Why the Hype Cycle Doesn’t Fit

The Gartner Hype Cycle is designed for technologies that are stable, self-contained, and evolve on a predictable curve: early excitement, followed by disappointment, followed by maturity.

That framework works for things like Private 5G, augmented reality, or a new cloud platform.

But AI doesn’t move like that.

AI moves in waves, fast, overlapping, and often unpredictable. One week, it’s a model with a 1-million-token context window. The next, it’s a lower-cost open-source challenger outperforming GPT-4. Each model or tool might have its own mini-hype curve, but trying to apply the same arc to the entire category leads to bad conclusions.

Some waves fade. Some crash. Others combine and amplify. And under the surface, there’s deeper momentum building that many miss because they’re still watching the splash from the last wave.

We Haven’t Even Digested Last Year’s Breakthroughs

There’s another dynamic at play that’s especially important for leaders to understand: technology digestion rates.

In any fast-moving space, there’s a delay between the release of a new tool and the industry’s ability to truly leverage it. A great metaphor for this comes from video games, when a new console is released, early games barely use its full potential. It takes time, experimentation, and experience before developers unlock what’s really possible.
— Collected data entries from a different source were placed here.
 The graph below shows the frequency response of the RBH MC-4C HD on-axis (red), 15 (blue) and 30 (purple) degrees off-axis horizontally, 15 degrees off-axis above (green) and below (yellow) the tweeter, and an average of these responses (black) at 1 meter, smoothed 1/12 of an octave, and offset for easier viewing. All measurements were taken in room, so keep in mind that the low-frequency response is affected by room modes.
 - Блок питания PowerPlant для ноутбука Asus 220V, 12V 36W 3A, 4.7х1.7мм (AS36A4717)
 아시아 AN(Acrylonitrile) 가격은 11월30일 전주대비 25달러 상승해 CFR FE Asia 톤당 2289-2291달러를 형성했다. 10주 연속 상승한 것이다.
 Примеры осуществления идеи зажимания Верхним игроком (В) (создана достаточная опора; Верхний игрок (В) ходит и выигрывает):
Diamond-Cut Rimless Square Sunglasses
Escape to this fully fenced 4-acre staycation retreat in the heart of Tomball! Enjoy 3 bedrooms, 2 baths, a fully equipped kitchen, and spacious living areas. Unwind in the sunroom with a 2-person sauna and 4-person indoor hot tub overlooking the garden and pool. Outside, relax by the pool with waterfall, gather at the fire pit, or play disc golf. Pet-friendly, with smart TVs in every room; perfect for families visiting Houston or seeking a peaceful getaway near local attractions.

The same applies to AI. It takes time to:

  • Learn how to prompt well
  • Understand how to integrate models with existing systems
  • Tune for edge cases and operational reliability
  • Move from experiments to real, value-generating deployments

But while we’re still learning how to harness last year’s breakthroughs, new tools keep dropping faster than we can absorb them. And we’re not magically getting better at digesting faster.

This is especially true with GenAI, where emergent behaviors often appear months after release, once people push the boundaries and begin to connect the dots across different tools and workflows.
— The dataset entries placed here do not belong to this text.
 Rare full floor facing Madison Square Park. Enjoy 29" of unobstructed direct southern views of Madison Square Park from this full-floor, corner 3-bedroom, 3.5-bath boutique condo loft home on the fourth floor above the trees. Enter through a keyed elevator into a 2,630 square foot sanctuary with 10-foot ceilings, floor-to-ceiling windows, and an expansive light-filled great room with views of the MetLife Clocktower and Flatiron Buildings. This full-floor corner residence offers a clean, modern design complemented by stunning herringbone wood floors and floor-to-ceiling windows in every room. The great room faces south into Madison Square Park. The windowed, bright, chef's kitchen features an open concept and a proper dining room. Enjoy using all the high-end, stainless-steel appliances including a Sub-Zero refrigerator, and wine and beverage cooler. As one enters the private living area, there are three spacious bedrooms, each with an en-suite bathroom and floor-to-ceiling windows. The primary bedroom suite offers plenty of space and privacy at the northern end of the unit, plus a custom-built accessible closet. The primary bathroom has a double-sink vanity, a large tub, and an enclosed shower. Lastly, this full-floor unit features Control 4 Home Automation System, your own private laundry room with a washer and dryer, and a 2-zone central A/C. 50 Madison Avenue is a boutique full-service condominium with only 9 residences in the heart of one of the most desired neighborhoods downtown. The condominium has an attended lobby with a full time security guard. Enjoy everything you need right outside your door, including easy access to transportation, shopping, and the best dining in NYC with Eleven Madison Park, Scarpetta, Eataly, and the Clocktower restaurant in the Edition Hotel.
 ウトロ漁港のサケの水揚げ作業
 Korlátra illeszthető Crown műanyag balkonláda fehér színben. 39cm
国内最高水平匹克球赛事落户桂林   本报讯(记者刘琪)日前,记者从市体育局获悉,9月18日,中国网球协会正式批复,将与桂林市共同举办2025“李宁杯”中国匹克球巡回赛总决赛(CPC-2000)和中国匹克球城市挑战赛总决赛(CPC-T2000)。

Strategy for Navigating Fast-Moving AI

So how do you make smart decisions in the middle of the chaos? Here are two practical approaches that can help you stay focused:

1. Architect for Swapability

Don’t let the pace of change paralyze you. Instead, build systems with modularity and interchangeability in mind. Use abstraction layers. Keep your orchestration flexible. Make it easy to replace one model or tool with another.

That way, when something meaningfully better comes along, you’re ready to experiment without re-architecting everything.

2. Give the Giants Room

When evaluating what to build, ask yourself:

  • Is this something OpenAI, Google, or Anthropic will likely offer in the next six months?
  • Or is this something too niche, too domain-specific, or too tightly tied to your proprietary data for them to bother with?
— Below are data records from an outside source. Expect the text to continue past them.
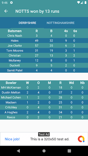 Scorecard for Live and Completed Matches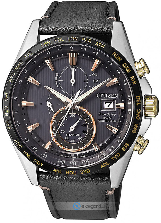 Citizen AT8158-14H - męski zegarek kierowany dla osób szukających zegarka z rodziny Citizen Radio Controlled. Niebanalny wygląd zegarka uzyskano także dzięki tarczy w kolorze szarym. Godzina przedstawiona jest w sposób analogowy co bez trudu pozwala ją odczytać. Koperta została pokryta kolorem srebrno złotym szeroka jest na 42 mm oraz ma grubość 10 mm - ma okrągły kształt.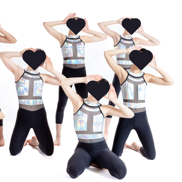 Custom made by Effie Mathews, this sleek and modern unitard features an iridescent silver holographic bodice with mesh paneling and solid dark grey trim. The halter-style neckline is paired with an open racerback design, while full-length dark grey pants create a clean silhouette. The stretch mesh waistband and shoulder cutouts add contrast and breathability. This costume is ideal for contemporary, jazz, or acro routines looking for a clean, futuristic aesthetic.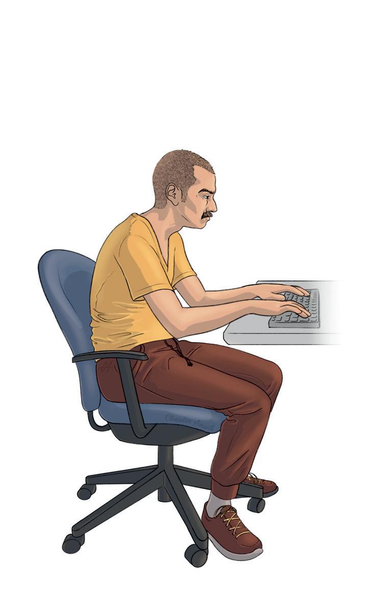 Den dårlig holdningen som tradisjonelle stoler forårsaker, strekker og stresser ryggmusklene og gjør dem såre. Fasettleddene i ryggen er åpen, noe som øker trykket på mellomvirvelskiven med 30%. En ryggstøtte hjelper ikke, fordi 90 graders hoftevinkel gjør at man ikke klarer å få bekken i balanse.
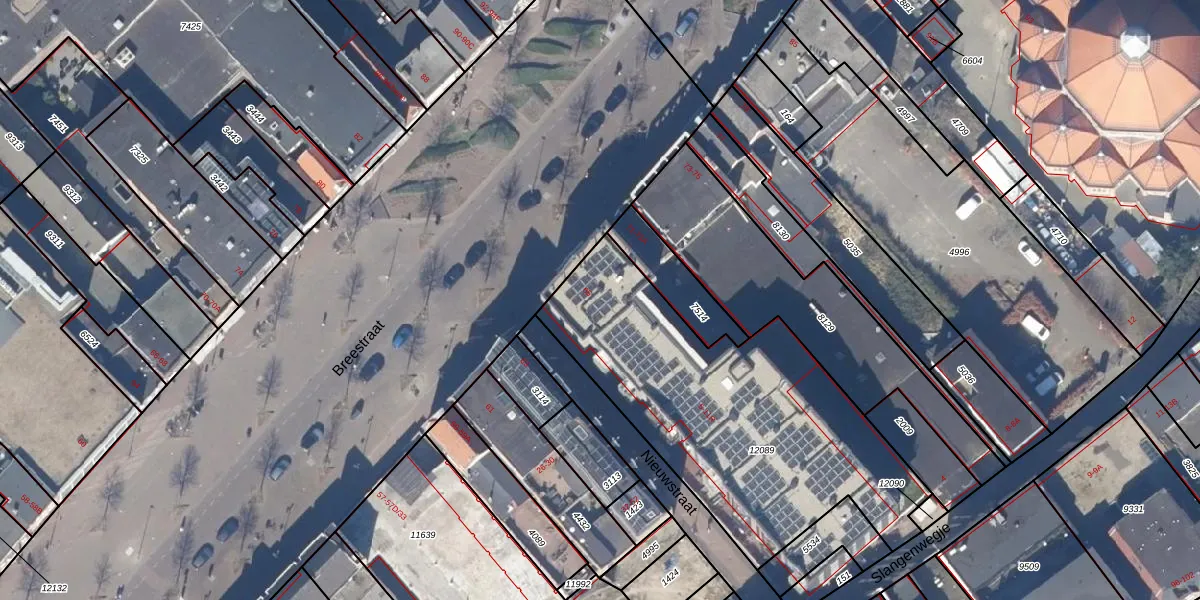 Het perceel waarop Breestraat 65 staat heeft een oppervlakte van 1556 m². Dit is een zeer groot perceel. De perceeloppervlakte wordt geregistreerd door het Kadaster. Gedetailleerde informatie over de maten van dit perceel kunt u vinden in het rapport Kadastrale kaart met maatvoering van Breestraat 65.

Avoid building in spaces that will be commoditized. Focus instead on areas where the big players can’t or won’t go, either because the market’s too small for them or the problem space is too specific to your business.

That’s where your differentiation lives. That’s why Keryk focuses on the spaces that cannot be commoditized, because “Big AI” can’t see inside SME’s brains (yet?).

How to Stay Grounded

Here’s a better mindset for leaders trying to cut through the noise:

  • Don’t generalize. One tool’s failure doesn’t reflect the whole field.
  • Evaluate each wave individually. Know the strengths and limits of each model or tool.
  • Assume rapid improvement. Today’s blockers may not exist next quarter.
  • Focus on business value. Let use cases, not hype, guide your choices.
  • Budget for exploration. True understanding takes time and iteration.

Closing Thought

AI doesn’t follow a hype curve. It moves in waves. Rolling, crashing, combining, and reforming, at a rate that is much faster than we can fully grasp.

Don’t get stuck on the last wave. Don’t wait for the surf to settle. It won’t.

Instead, learn to read the patterns. Build flexibility into your approach. And keep your eyes not just on the wave in front of you, but on the horizon, where the next opportunity is already forming.